Rudy, you need a rocket :biggrin:

When I first got my camera I had the same problem, dust on the sensor.  Gerryr recomended I get a Giottos Rocket Blaster.

http://www.amazon.com/Giottos-AA1900-Large-Rocket-Blaster/dp/B00017LSPI

Take the lens off, set the mirror in the locked up position and hold the camera pointing down, so that any dust blown loose will fall down.  Point the rocket at the sensor, taking care not to touch it, and squeeze away.  It'll blow any dust off the sensor.


----------



## Rudy Vey (Dec 23, 2008)

VisExp said:


> Rudy, you need a rocket :biggrin:
> 
> When I first got my camera I had the same problem, dust on the sensor.  Gerryr recomended I get a Giottos Rocket Blaster.
> 
> ...



I have the rocket, and tried it already, didn't work.
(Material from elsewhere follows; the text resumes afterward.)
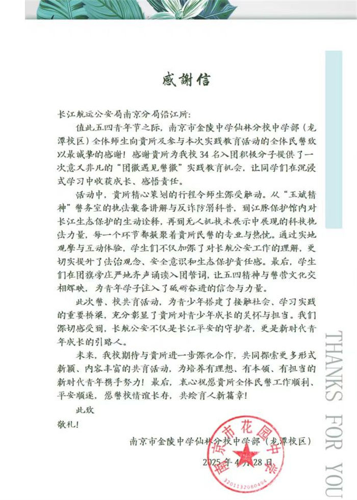 活动结束后,校方向长江航运公安局南京分局沿江所发来了感谢信,对此次实践教育活动表示高度认可和衷心感谢。信中提到,此次警、校共育活动,为青少年搭建了接触社会、学习实践的重要桥梁,充分彰显了沿江所对青少年成长的关怀与担当。深切感受到,长航公安不仅是长江平安的守护者,更是新时代青年成长的引路人。希望今后能继续加强警、校合作,共绘育人新篇章!(黄绍琦 崔书馨)

Thinking of getting the "wet" stuff, swabs, pecpads and the alcohol solution to clean it.


----------



## Constant Laubscher (Dec 23, 2008)

I had the similar problem on Pentax a while back and it turned out to be a couple of dead pixels. But was only a problem when you enlarge a photo.


----------



## gerryr (Dec 24, 2008)

Post a photo that has shows the spots.


----------



## Rudy Vey (Dec 25, 2008)

Thanks to Gerry, I know its no dead pixels! It is just some small specks of dust. With my photo editing program (Picasa 3, from Google for free) it takes some 5 secs to fix the photo. These specks are only visible in the pictures I took of my pens with a lot of even, neutral gray background. On any other picture, I cannot make them out. Will blow clean the sensor one more time and it should be ok.


----------



## stevebuk (Dec 28, 2008)

clone out the spots in an Image editor.


----------



## sbell111 (Dec 31, 2008)

I had the same problems with my 20d.  I used the blower, but that didn't get all of them so I bought a swab kit.  It worked like a charm and was actually really easy.


----------



## Rudy Vey (Dec 31, 2008)

sbell111 said:


> I had the same problems with my 20d.  I used the blower, but that didn't get all of them so I bought a swab kit.  It worked like a charm and was actually really easy.



What swab kit did you use?


----------



## sbell111 (Jan 2, 2009)

I used this.  I have heard that this one is good, also.


----------



## Art Fuldodger (Jan 4, 2009)

Rudy Vey said:


> I have the rocket, and tried it already, didn't work. Thinking of getting the "wet" stuff, swabs, pecpads and the alcohol solution to clean it.



One thing you can do is to limit just how far you stop down.  Spots on the sensor will not show up at wide apertures, and will show up glaringly at small apertures.

Other than that, if you don't know what you're doing, you can gunk your sensor up worse by trying it yourself.  I only need a wet swab about once per year, so I don't bother buying the kit - a local camera store will do it for me for $5, and they've always got it spotless.


----------